Lawmakers heard from lobbyists from Associated Industries of Oregon and Associated General Contractors, who opposed prohibitions on older engines.
They also heard from truckers like Loren Hutwick, who moved to Oregon after losing a fight against clean air rules in California and feared the economic impacts of a diesel phaseout.
“I left the state of California to get away from that,” Hutwick told lawmakers. “Now you’re asking me to go out, someway down the road and watch you guys allocate money, to start this ball rolling?”
Ultimately, the original diesel bill was gutted, and it passed only after its regulatory teeth were removed.

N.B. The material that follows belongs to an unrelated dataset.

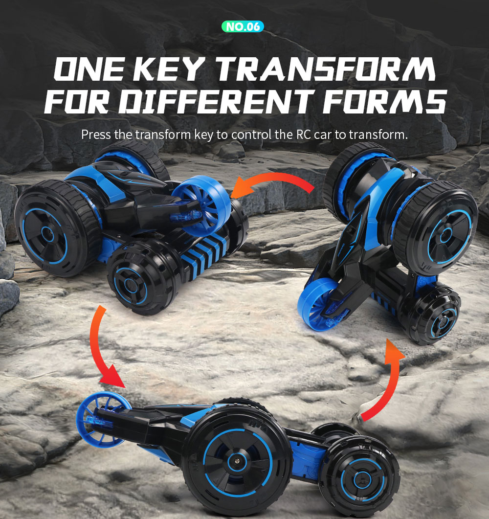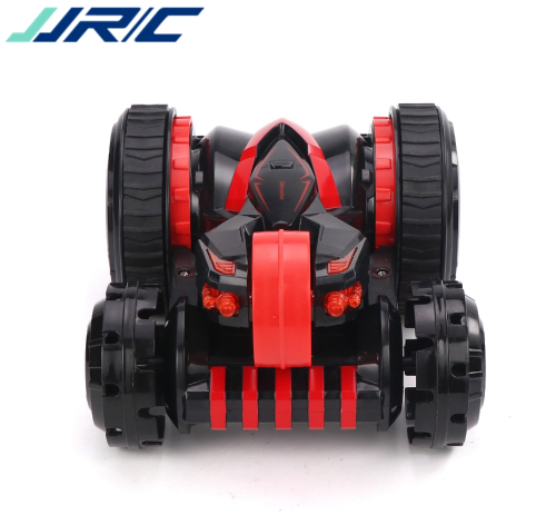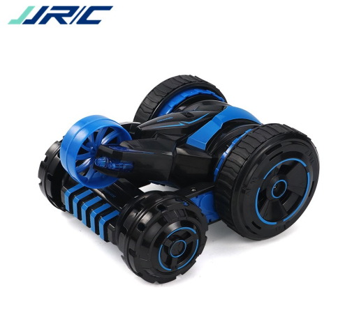 Езда на машине впечатляет. Хорошая скорость, поэтому для маленьких квартир эта машина подойдет, но нужно быть осторожными, иначе все стены будут побиты машинкой. Машинка очень резвая. Управлять ей лучше на улице (в сухую погоду) или в просторном помещении. Вокруг своей оси она вращается на 360 градусов, для этого нужно один стик управления нажать вперед, а второй — назад. Едет машина в основном на 2 ведущих колесах. При троганье она пытается каждый раз перевернуться, 2 других колеса выполняют функцию опоры. Даже при легком нажатии на стики резко трогается и переворачивается. При перевороте опирается на пятое колесо. Таки образом получается 3-х колесный агрегат, на котором также можно прекрасно гонять. Можно опустить это колесико на поверхность, чтобы получилась 5-ти колесная машина. Вождение зависит от опытности управления и вашего желания каким вариантом авто управлять. Кроме того, в машинке при включенном состоянии светятся 3 светодиода.

A bill to fund the governor's clean air initiative also failed this session.
And while lawmakers were kicking around idea for new taxes to fill a growing budget gap, they punted on smaller proposals to fund natural resources.
Washington County Democrat Ken Helm sponsored a few of those.
“From my point of view it’s regrettable, because it’s the same old story for natural resource agencies,” Helm said. “Boy we really value them, we really like what they do. We say they’re important. But then we don’t fund them adequately. And it shows.”
Helm’s bills included a proposed fix for a long-running budget shortfall for the Department of Fish and Wildlife.
He also introduced several bills aimed at improving the state’s water management. Those included fees for water uses to fund the the Department of Water Resources and requirements for farmers and ranchers to measure water use. Another bill would have allocated more than $8 million to study the state’s groundwater supplies.
None of those efforts passed. Helm said lawmakers would revisit those, as well as bigger ideas like carbon pricing, in the near future.